ISLAMABAD: Over 20 million children will be covered during a door-to-door vaccination campaign against polio, which is being launched in 97 high-risk districts across the country on Monday (today).
The sub-national polio vaccination campaign will run for five days in Karachi, Quetta and Peshawar blocks followed by a two-day catch-up drive in these areas, while a three-plus-two-day campaign has been planned for other parts of Pakistan, according to Dr Rana Mohammad Safdar, coordinator of the National Emergency Operations Centre for Polio Programme.
So far, six polio cases have been detected in the country this year. They include cases from Karachi, Lahore, Bajaur, Khyber, Hangu and Bannu.
During the special campaign, front-line polio workers will go door to door to ensure that millions of children below the age of five years are administered two drops of vaccine to protect them against the polio virus.
The government has urged parents to ensure immunisation of all children during each and every polio campaign.
According to a statement of the polio programme, more than 6.6 million children will be vaccinated against the virus in 12 districts of Punjab.

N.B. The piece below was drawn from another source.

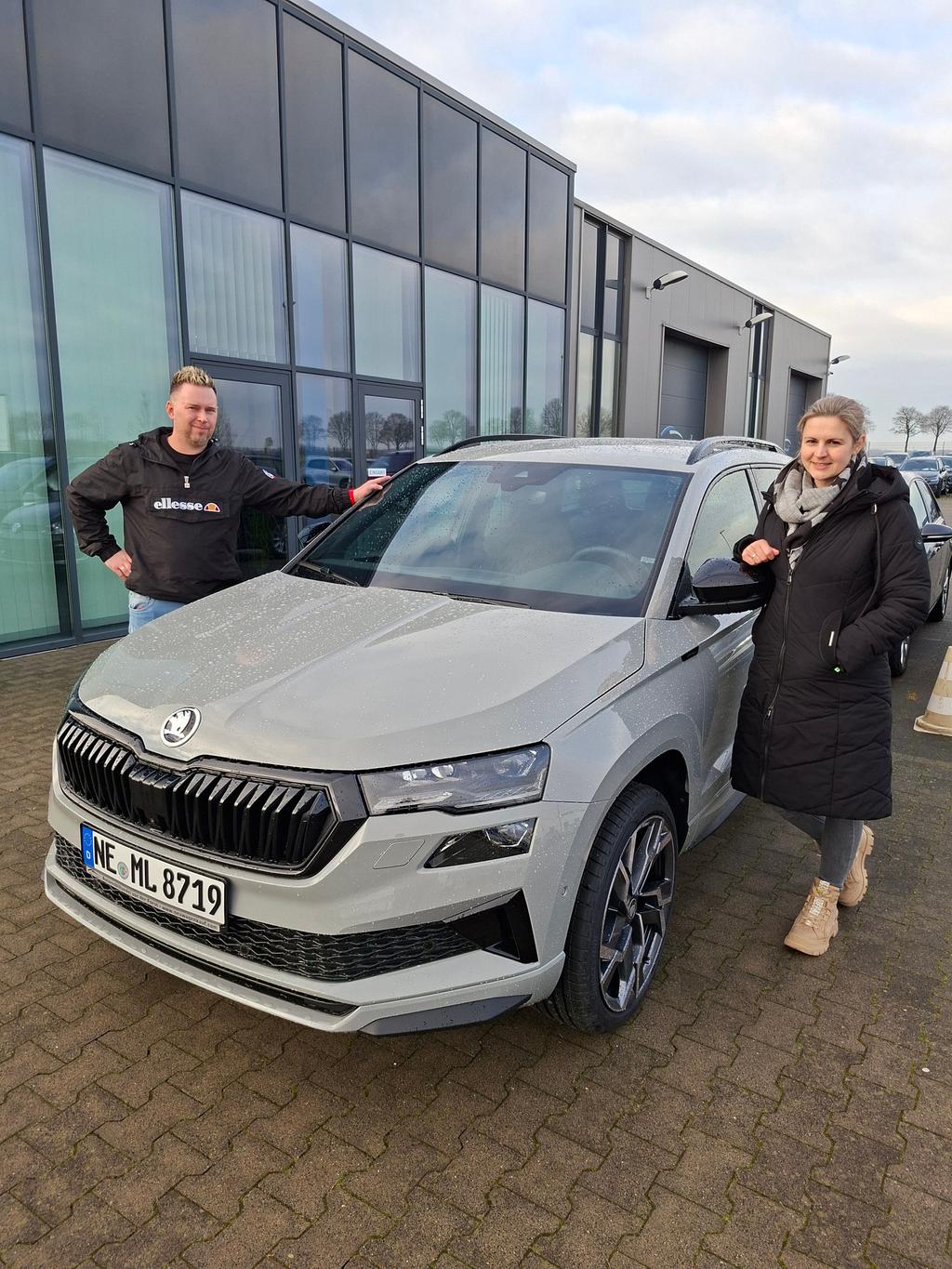 Fahrzeugübergabe eines Skoda Karoq "Sportline", 1.5 TSI 110KW/150PS DSG Automatik an Familie Granderath 6.2.2026 Automobilhandel von der Forst GmbH
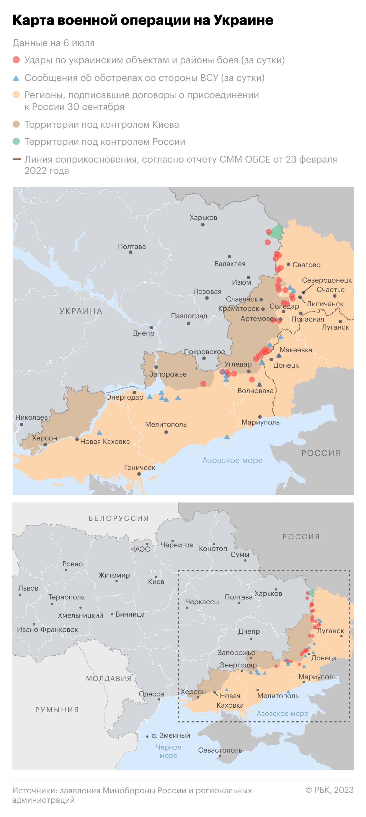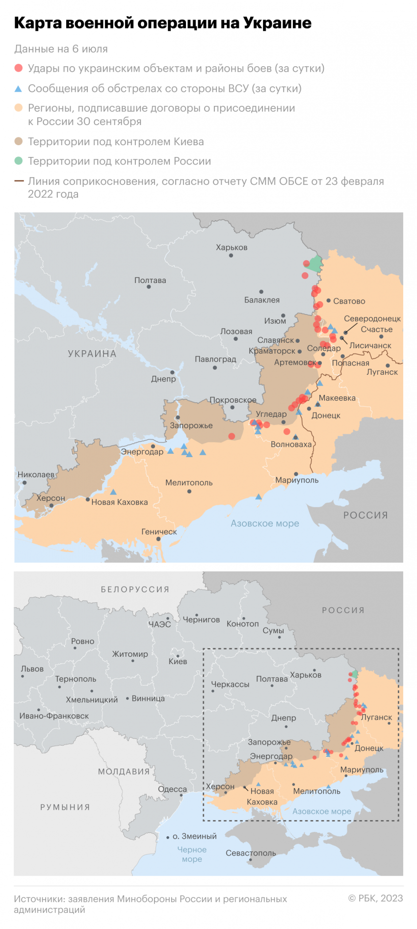 Обновленная карта боевых действий на Украине по данным на утро 7 июля — Минобороны обновило новую карту боевых действий 7.07.2023

A total of 5.59m children will be administrated polio vaccine in 25 districts of Khyber Pakhtunkhwa, including seven tribal districts, during the vaccination drive.
In Sindh, the campaign will run in Karachi and 20 other districts, where over 6.13m children below the age of five years will be administered polio vaccine.
Around 1.77m will be covered in 21 districts of Balochistan during the sub-national polio vaccination campaign.
In Islamabad, 240,000 children living in high risk areas will be administered polio drops during the drive.
“The age limit for vaccination has been enhanced from five years to 10 years in five union councils of Rawalpindi,” said the coordinator of the National Emergency Operations Centre for the Polio Programme.
Dr Safdar urged parents to “cooperate with polio workers and administer their children with anti-polio drops, which will ultimately help save the children from a lifetime of disability”.
He explained that polio virus could paralysed children for their entire life. “There is no cure for polio, but prevention through immunisation can reduce the chances of contracting the virus,” he said. Multiple vaccinations were critical in safeguarding children from the virus, he added.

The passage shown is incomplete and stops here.